The circuit between muscle spindles, a subtype of proprioceptors (Ia afferents), and motor neurons is established during late embryonic development and is essential for proper coordination and movement. Muscle spindles, the specialized sensory structures that respond to muscle stretch, are induced by sensory axon innervation around embryonic day 15. As connections between proprioceptive neurons and muscle spindles are being formed in the periphery, central afferents of these neurons are completing the final axonal extension toward the ventral spinal cord, where they will form connections with motor neurons.
Some evidence suggests that muscle spindles produce signals that influence the establishment of functional central connections (for review, see Chen et al., 2003). One spindle-derived signal that might be responsible for development of sensorimotor connections is neurotrophin-3 (NT3). NT3 induces sensory neuron expression of ER81, a transcription factor that controls the extension of the central sensory projections toward the ventral spinal cord. Indeed, in NT3/Bax double-knock-out mice, in which the neuronal cell death due to NT3 absence is prevented by deleting the proapoptotic protein Bax, the afferent axons do not extend beyond the intermediate spinal cord, a phenotype similar to that of mice lacking ER81 (Arber et al., 2000; Patel et al., 2003). Muscle spindles are either abnormal or absent in both of these mutants.
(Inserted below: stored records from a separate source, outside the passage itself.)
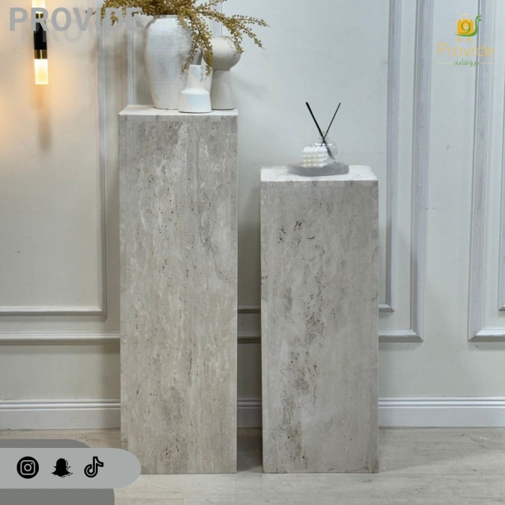 وصف المنتج : مجموعة من عمودين ديكور داخلي أنيقين مصنوعين من حجر الترافرتين الطبيعي، يتميزان بتصميم بسيط وعصري يناسب جميع أنواع الديكورات المنزلية والمكتبية. العمودان مختلفا الطول، مما يضيف بعدًا جمالياً وعمقًا للمكان الذي يوضعان فيه. يمكن استخدامهما كقاعدة لعرض القطع الفنية أو النباتات أو العناصر الزخرفية الأخرى، مما يضفي لمسة من الفخامة والرقي على أي مساحة داخلية. مثالي لوضعه في الصالونات، مداخل المنازل، أو مكاتب العمل.
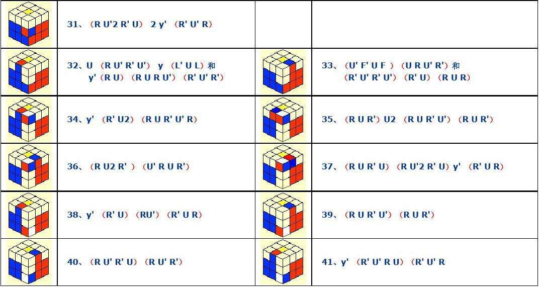 首先选择任意一个颜色为底面,这里选择白色为底,然后按如图所示的方法旋转变成十字的样子然后开始还原两边的颜色,按图中步骤旋转变成倒T形接着再来还原中间棱上的色块随后将魔方四个顶棱块与顶面色相同的面全部调至顶。
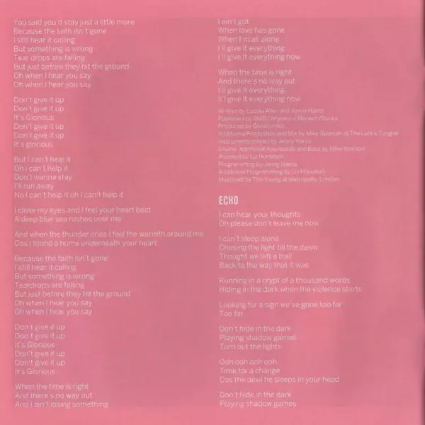 Bass Mike Spencer | Bass [Additional] Jonny Harris (2) | Co-producer Mike Spencer | Drum Programming Jonny Harris (2) | Drums Mike Spencer | Keyboards [Additional] Mike Spencer | Mixed By Mike Spencer | Mixed By [Additional] Liz Horsman | Percussion Iyiola Babalola | Piano Darren Lewis | Producer [Additional] Future Cut | Programmed By Darren Lewis, Iyiola Babalola | Programmed By [Additional] Jonny Harris (2), Liz Horsman | Written-By Jonny Harris (2), Louisa Rose Allen, Toby Gad
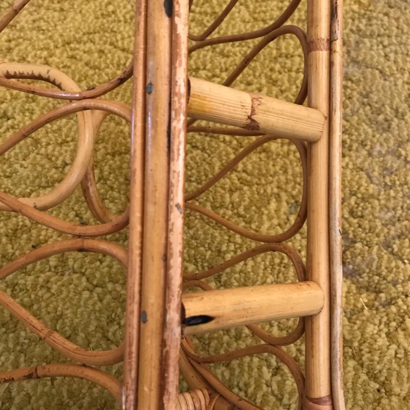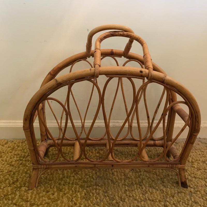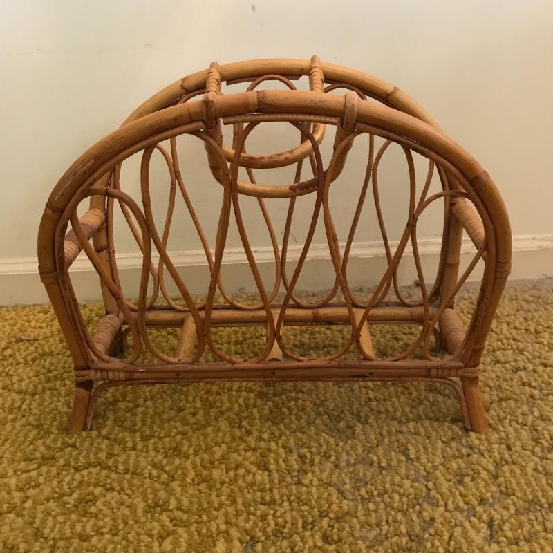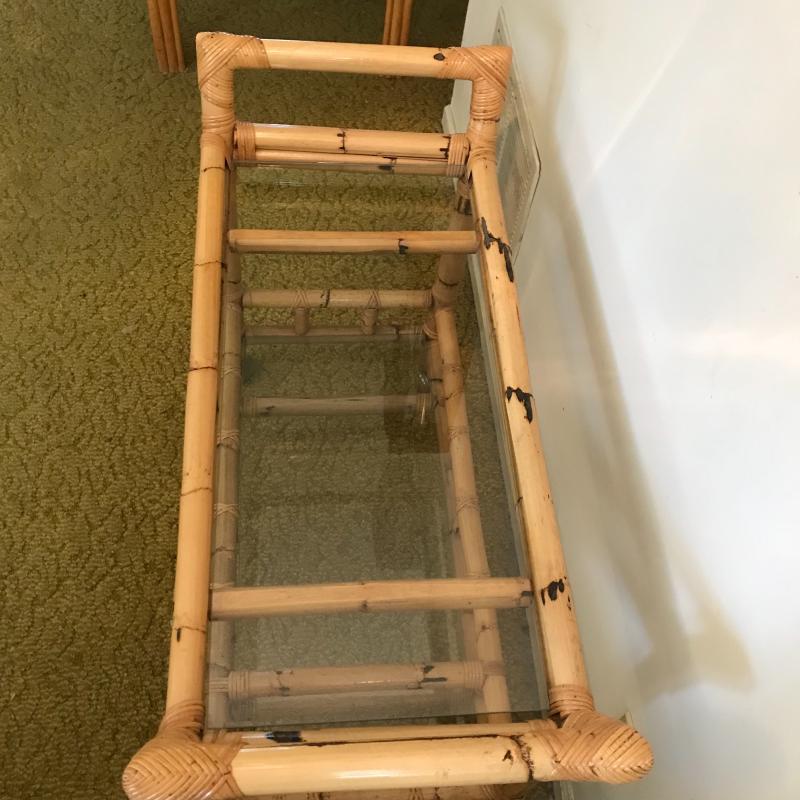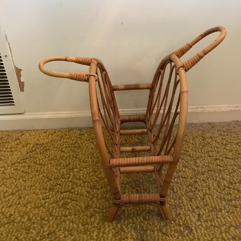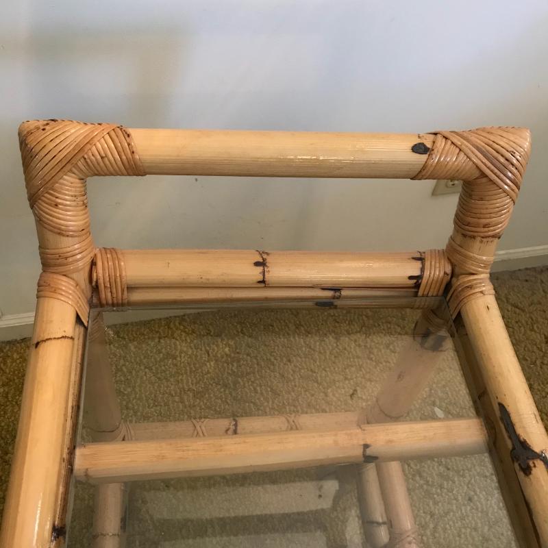Well built rolling cart with removable glass shelves, appears to be bamboo. Slight unraveling on one corner, see photos. Wheels glide smoothly and there is a crossbeam on the lower shelf to secure smaller items. Cart measures approx. 38.5” x 17.5” x 31”. Lot also includes a bamboo magazine rack with mobile handles. Great condition. Local pick up only.
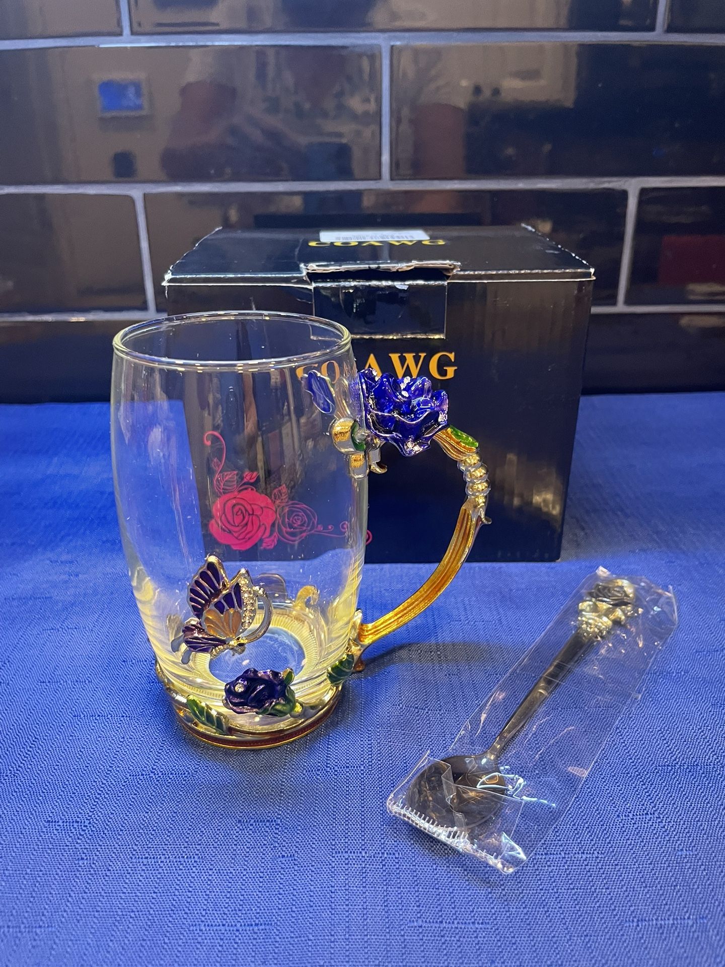 Beautiful new in box enamel glass butterfly mug with flowers and matching spoon. What a stunning way to enjoy your coffee or tea! Beaitful large flower on gold handle in a 3D design. Gold accents and vibrant colors. 5” T X 4.5” W with handle
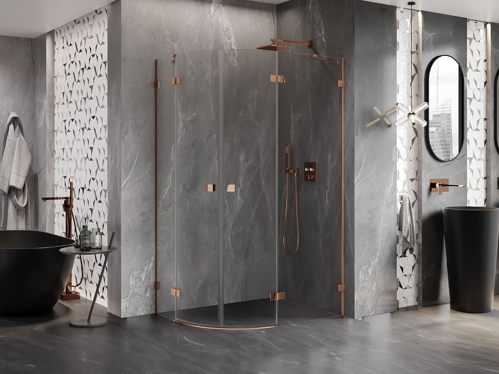 Mexen Lunar cabina de ducha semicircular abatible derecha 90 x 80 cm, transparente, oro rosa - 833-090P-080L-60-00
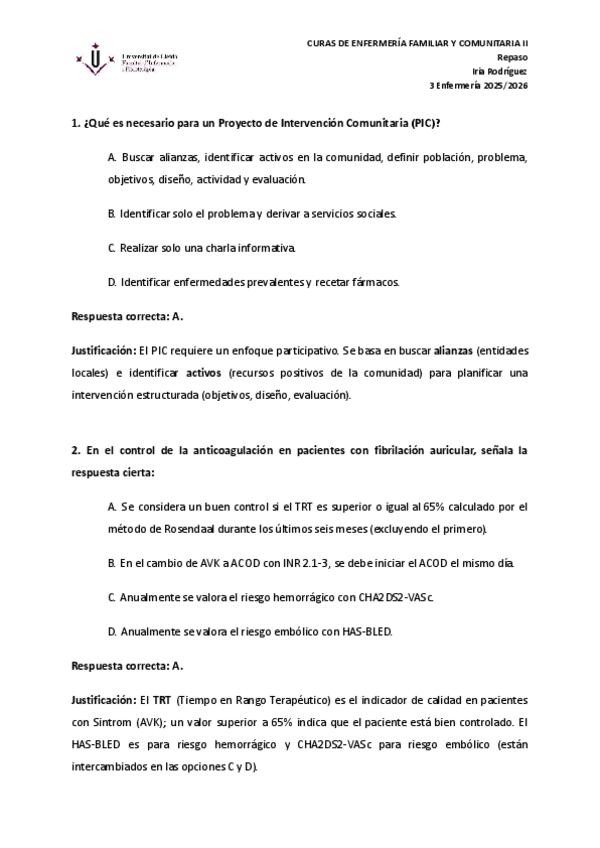 Preguntas con respuesta y justificación. Repaso temario en castellano. 2025/2026
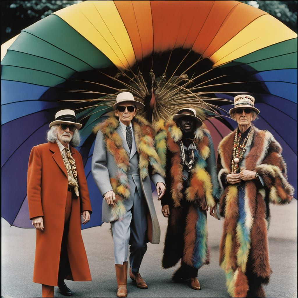 This vibrant image captures a whimsical scene of a person adorned in a colorful, intricate feathered headdress, surrounded by lush trees and vibrant flowers. The photorealistic style and playful expression evoke a sense of joy and celebration.
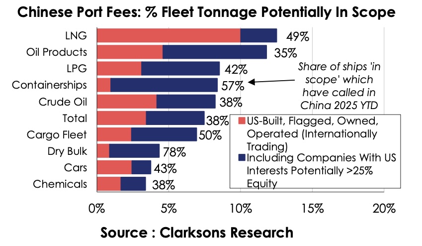 Clarksons Research analistleri, dünya yük tonajının %2 ila %7’sinin – filo sayısının ise %1 ila %3’ünün – bu yeni ücretlerden etkilenebileceğini hesaplıyor. Bu seviyenin genel olarak filo dağılımı ve rota değişiklikleriyle yönetilebilir olduğu, ancak kısa vadede piyasa dengesizlikleri ve kiralama tercihlerinde kaymalar yaratabileceği belirtiliyor.
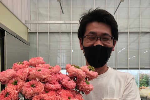 政嗣氏は家業のバラ生産を引き継いだ3代目。農業大学を卒業後、世界有数のバラ生産国オランダへ留学し24歳で就農と、バラの道をまっしぐらに進んできました。「消費者と生産者がもっと近い世の中にしたい。農業の仕事としての面白さ、やりがいを向上させ、若い担い手を増やしたいと思っています。クニエダの薔薇のファンの方々のお声を大切にし、もっと喜んでいただくために、誠心誠意取り組んでいきたいです。」と熱い想いを抱いて、生産者からお客様に直接バラを届ける新しい方法を様々に企画されています。
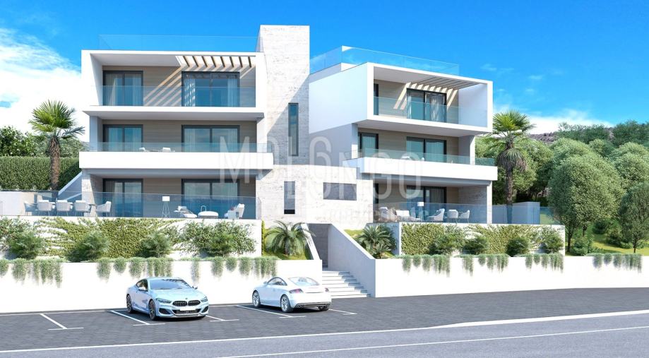 U prodaji je prekrasan penthaus u novogradnji sa 6 stanova udaljenoj 100 m od mora i centra mjesta.
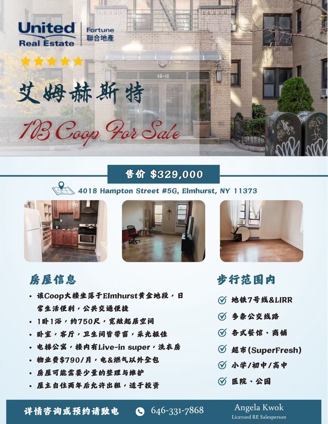 📞 预约看房或咨询请联系:646-331-7868
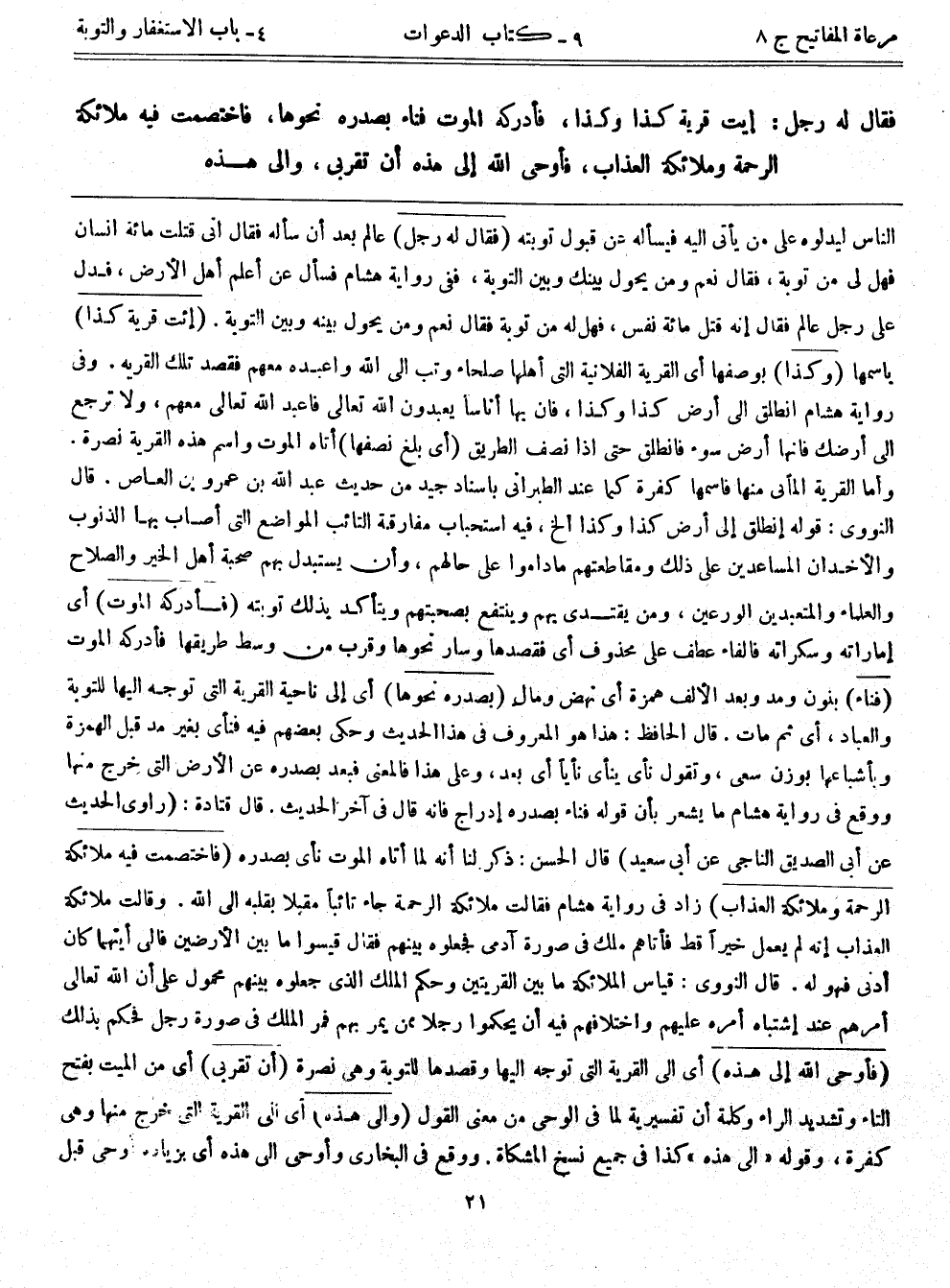 الناس ليدلوه على من يأتي إليه فيسأله عن قبول توبته (فقال له رجل) عالم بعد أن سأله فقال: إني قتلت مائة إنسان فهل لي من توبة، فقال: نعم ومن يحول بينك وبين التوبة. ففي رواية هشام: فسأل عن أعلم أهل الأرض، فدل على رجل عالم فقال إنه قتل مائة نفس فهل له من توبة، فقال: نعم ومن يحول بينه وبين التوبة، (إئت قرية كذا) باسمها (وكذا) بوصفها أي القرية الفلانية التي أهلها صلحاء وتب إلى الله واعبده معهم فقصد تلك القرية. وفي رواية هشام: انطلق إلى أرض كذا وكذا، فإن بها أناسًا يعبدون الله تعالى فاعبد الله تعالى معهم، ولا ترجع إلى أرضك فإنها أرض سوء فانطلق حتى إذا نصف الطريق (أي بلغ نصفها) أتاه الموت. واسم هذه القرية نصرة وأما القرية المأتي منها فاسمها كفرة كما عند الطبراني بإسناد جيد من حديث عبد الله بن عمرو بن العاص. قال النووي: قوله انطلق إلى أرض كذا وكذا إلخ، فيه استحباب مفارقة التائب المواضع التي أصاب بها الذنوب والأخدان المساعدين على ذلك ومقاطعتهم ما داموا على حالهم، وأن يستبدل بهم صحبة أهل الخير والصلاح والعلماء والمتعبدين الورعين، ومن يقتدي بهم وينتفع بصحبتهم ويتأكد بذلك توبته (فأدركه الموت) أي إماراته وسكراته فالفاء عطف على محذوف أي فقصدها وسار نحوها وقرب من وسط طريقها فأدركه الموت (فناء) بنون ومد وبعد الألف همزة أي نهض ومال (بصدره نحوها) أي إلى ناحية القرية التي توجه إليها للتوبة والعباد، أي ثم مات. قال الحافظ: هذا هو المعروف في هذا الحديث وحكى بعضهم فيه فنأى بغير مد قبل الهمزة وبإشباعها بوزن سعى، وتقول نأى ينأى نأيًا أي بعد، وعلى هذا فالمعنى فبعد بصدره عن الأرض التي خرج منها ووقع في رواية هشام ما يشعر بأن قوله فناء بصدره إدراج فإنه قال في آخر الحديث. قال قتادة: (راوي الحديث عن أبي الصديق الناجي عن أبي سعيد) قال الحسن: ذكر لنا أنه لما أتاه الموت نأى بصدره (فاختصمت فيه ملائكة الرحمة وملائكة العذاب) زاد في رواية هشام: فقالت ملائكة الرحمة: جاء تائبًا مقبلاً بقلبه إلى الله. وقالت ملائكة العذاب: إنه لم يعمل خيرًا قط فأتاهم ملك في صورة آدمي فجعلوه بينهم فقال: قيسوا ما بين الأرضين فإلى أيتهما كان أدنى فهو له. قال النووي: قياس الملائكة ما بين القريتين وحكم الملك الذي جعلوه بينهم محمول على أن الله تعالى أمرهم عند اشتباه أمره عليهم واختلافهم فيه أن يحكموا رجلاً ممن يمر بهم فمر الملك في صورة رجل فحكم بذلك (فأوحى الله إلى هذه) أي إلى القرية التي توجه إليها وقصدها للتوبة وهي نصرة (أن تقربي) أي من الميت بفتح التاء وتشديد الراء وكلمة أن تفسيرية لما في الوحي من معنى القول: (وإلى هذه) أي إلى القرية التي خرج منها وهي كفرة، وقوله: ((إلى هذه)) كذا في جميع نسخ المشكاة. ووقع في البخاري وأوحى إلى هذه أي بزيادة وحى قبل

In contrast to these results, central connections appear to project normally to ventral spinal cord in other mouse models, despite severely compromised development of muscle spindles. For example, no gross defects in central projections were observed in Neuregulin 1 knock-out mice, in which muscle spindles were not induced (Hippenmeyer et al., 2002). Similarly, central projections in mice lacking the Neuregulin 1 receptor ErbB2 in muscles appear to project normally to ventral cord, even though muscle spindles in these mice are immature and greatly reduced in number (Leu et al., 2003). On the other hand, the presence of grossly normal Ia afferent projection patterns in the spinal cord does not necessarily mean that sensorimotor connections are functional. Indeed, monosynaptic responses are greatly reduced postnatally in Egr3-null mice, in which central projections extend to ventral spinal cord, but spindles lack NT3 and degenerate after birth (Chen et al., 2002). Peripheral injection of NT3 restores the monosynaptic response in these mice, suggesting that spindle-derived NT3 influences the strength of sensorimotor connections (Chen et al., 2002).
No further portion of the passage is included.